Many lenders will still be hesitant. Working with a mortgage professional familiar with these requirements and a lender that understands crypto is essential.

Is it legal and safe in Canada?

Yes, but regulatory guidance is evolving. Lenders must comply with OSFI and FINTRAC standards, which include thorough AML and source-of-funds verification.

OSFI is expected to implement new digital asset rules in 2025, which may influence how Canadian financial institutions handle crypto-collateralized products.

Key risks to consider

  • Price volatility: A drop in crypto value can lead to margin calls or liquidation
  • Lender restrictions: Many banks still reject crypto-related funds
  • Platform risk: Some crypto lenders have gone bankrupt
  • No deposit insurance: Crypto held as collateral is not insured by CDIC
  • Compliance complexity: Documentation, tax reporting, and regulatory scrutiny can be significant

Who offers crypto-backed loans?

The following platforms offer crypto-backed lending services:

  • Ledn (Canada-based)
  • APX Lending (Canada-focused)
  • Binance
  • Coinbase
  • Crypto.com
  • YouHodler
  • SALT Lending
  • Aave and Compound (DeFi protocols)

For Canadians, I am told Ledn and APX Lending provide the most relevant regulatory alignment.

How does CRA treat crypto in mortgage scenarios?
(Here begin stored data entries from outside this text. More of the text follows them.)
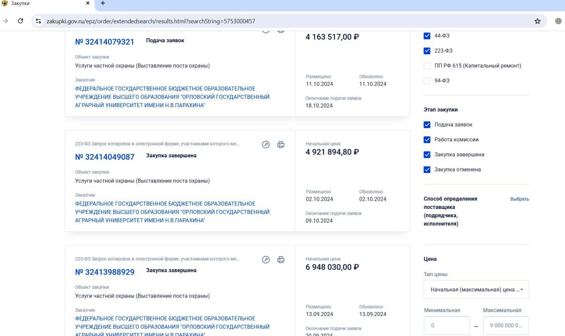 При этом, согласно информации сайта госзакупок, контракт на охрану вуза не заключен до сих пор. Две закупки на услуги частной охраны, объявленные ОГАУ в сентябре и в начале октября, признаны несостоявшимися. Причем, если по одной закупке все заявки были отклонены, то по второй – никто не заявился, что наводит на мысли, что желающих работать с аграрным университетом не имеется. Третья закупка, размешенная 11 октября, находится в стадии подачи заявок, которые принимаются до 18 октября.
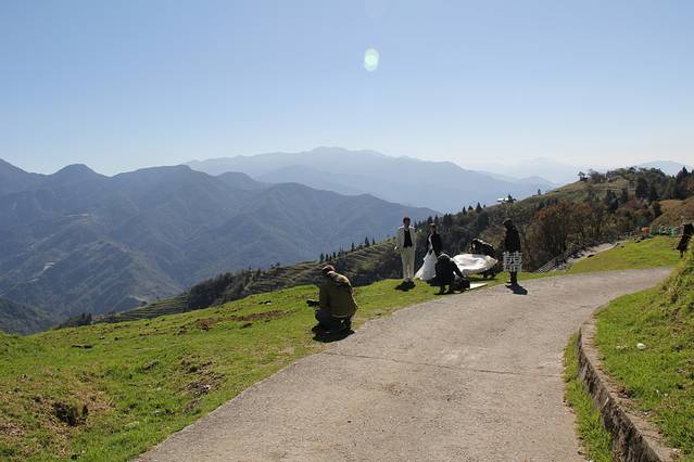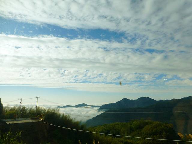 上山风景还不错,但也就是一般高山的景色,在大陆看的也差不多。这天阳光很灿烂,没怎么起雾,远处还看到了一点点云海。
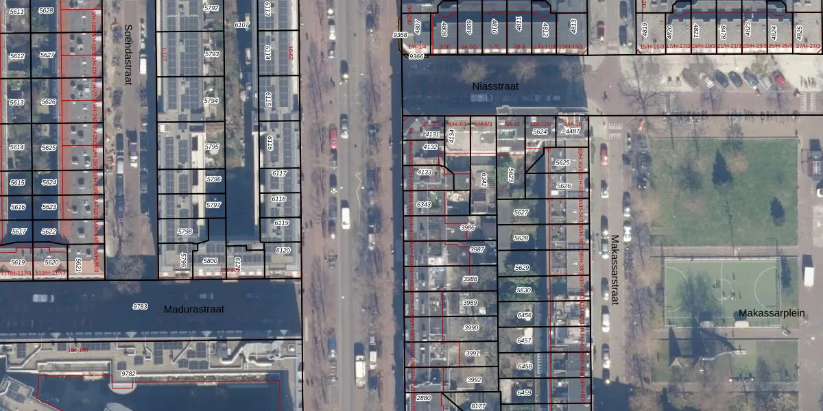 Het perceel waarop Molukkenstraat 39-1 staat heeft een oppervlakte van 99 m². Dit is een klein perceel. De perceeloppervlakte wordt geregistreerd door het Kadaster. Gedetailleerde informatie over de maten van dit perceel kunt u vinden in het rapport Kadastrale kaart met maatvoering van Molukkenstraat 39-1.

Under CRA guidelines, cryptocurrency is treated as a commodity. Selling it to fund a down payment is a taxable event, and any capital gains must be reported.
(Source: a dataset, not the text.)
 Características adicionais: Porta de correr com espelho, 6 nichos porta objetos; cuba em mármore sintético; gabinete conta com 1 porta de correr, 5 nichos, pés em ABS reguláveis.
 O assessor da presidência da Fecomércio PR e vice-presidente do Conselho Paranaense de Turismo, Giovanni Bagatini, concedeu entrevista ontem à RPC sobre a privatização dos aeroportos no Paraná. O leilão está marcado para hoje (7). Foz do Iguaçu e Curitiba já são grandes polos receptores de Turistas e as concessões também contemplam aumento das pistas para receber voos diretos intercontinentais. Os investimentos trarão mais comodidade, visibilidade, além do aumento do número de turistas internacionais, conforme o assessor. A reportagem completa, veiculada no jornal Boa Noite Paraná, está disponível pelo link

However, borrowing against your crypto is not a disposition and does not trigger capital gains taxes, at least under current rules. Regardless, thorough documentation is critical.

Our advice

Crypto-backed mortgages and crypto-collateralized loans offer new possibilities, but they’re not ideal for everyone. If you’re a crypto holder considering homeownership in Canada:

  • Convert your crypto to Canadian dollars early, and let it season for at least 90 days
  • Alternatively, accumulate your crypto wealth in Exchange Traded Funds
  • Document everything: sales, transfers, deposits, and sources of funds
  • Work with professionals who understand both traditional lending and crypto
  • Be ready to meet rigorous compliance and verification requirements

Canada’s mortgage landscape is still catching up to the digital asset world. Planning ahead is key to avoiding delays or declined applications.